# Guess what I found browsing Adult Swim. :V



## Ozriel (Apr 11, 2012)

I have to show you guys this so you can incite a witch hunt that ill crash the site in epic proportion be prepared to see it in full on adult swim this Sunday.

http://video.adultswim.com/check-it...check-it-out-with-dr-steve-brule-animals.html


----------



## Mxpklx (Apr 11, 2012)

Jesus Mary and Joseph...


----------



## Captain Howdy (Apr 11, 2012)

People actually watch that stupid show?


----------



## Ozriel (Apr 11, 2012)

Lastdirewolf said:


> People actually watch that stupid show?



According to the FB, yeah... :V
Tons of people.


----------



## Captain Howdy (Apr 11, 2012)

Zeke Shadowfyre said:


> According to the FB, yeah... :V
> Tons of people.



I'm finding it harder to live on this planet.


----------



## JArt. (Apr 11, 2012)

Me'O my, this will be fun.


----------



## I Am That Is (Apr 11, 2012)

Don't know what I think of this yet. I hope its not patronizing or full of stereotypes.


----------



## JArt. (Apr 11, 2012)

I Am That Is said:


> Don't know what I think of this yet. I hope its not patronizing or full of stereotypes.



Adult Swim would never do anything like that! :V


----------



## Fay V (Apr 11, 2012)

it's going to be patronizing and full of stereotypes, cause it's funny that way. 

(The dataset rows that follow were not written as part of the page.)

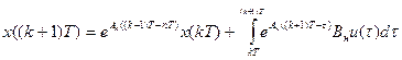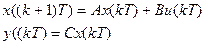 Поскольку внутри интервала квантования значение управления с выхода экстраполятора нулевого порядка остается постоянным, уравнения состояния непрерывного объекта с дискретным временем можно сразу записать в привычном для дискретных систем виде
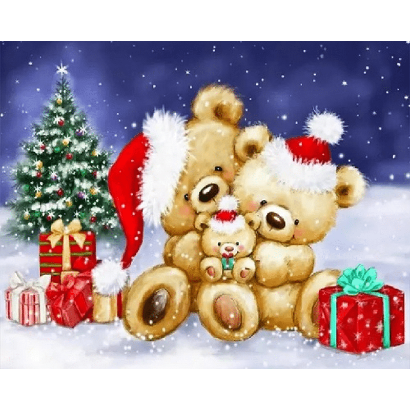 En bamsefamilie med nissehuer på krammer, omgivet af sne og gaver.
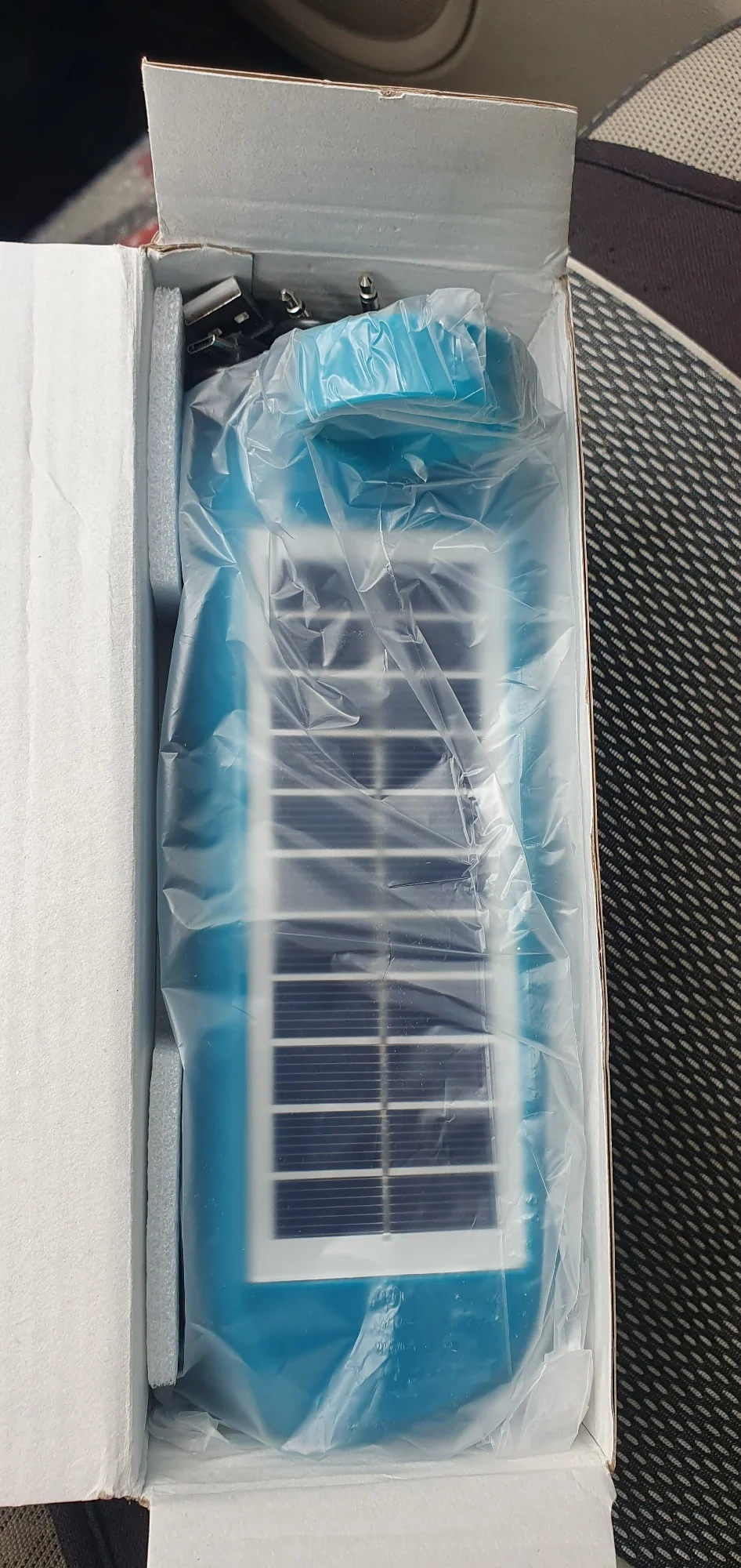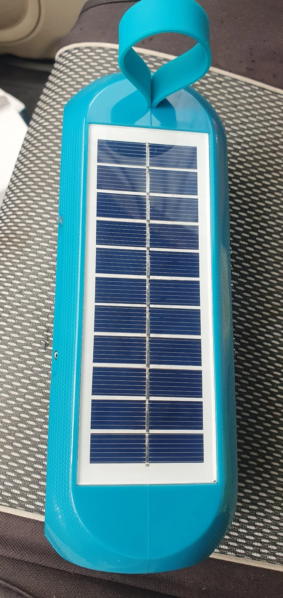 Solar charging, works. Sound, average.

I love the shitty one the show got.


----------



## Aetius (Apr 11, 2012)

Hahhaha this is awesome.

Nice find.


----------



## Echo Wolf (Apr 14, 2012)

Maybe it's just because I am trying to be an optimist this month but from the looks of the clip it might not be to bad. It seems like the furs are somewhat normal and it's just Doctor Brule acting like a jackass and the supposed "comedy" is supposed to flow from their reactions and his awkwardness. Anyway I don't like this show but I will say I am curious to see how this turns out.


----------



## Zenia (Apr 14, 2012)

What the hell was that?


----------



## Kaamos (Apr 14, 2012)

http://i557.photobucket.com/albums/ss19/Vargstenen/35K2N.gif

It's like adult swim's shows are just getting stupider and stupider, I just don't fucking understand this horse shit.


----------



## Aldino (Apr 21, 2012)

I don't want to live on this planet anymore.


----------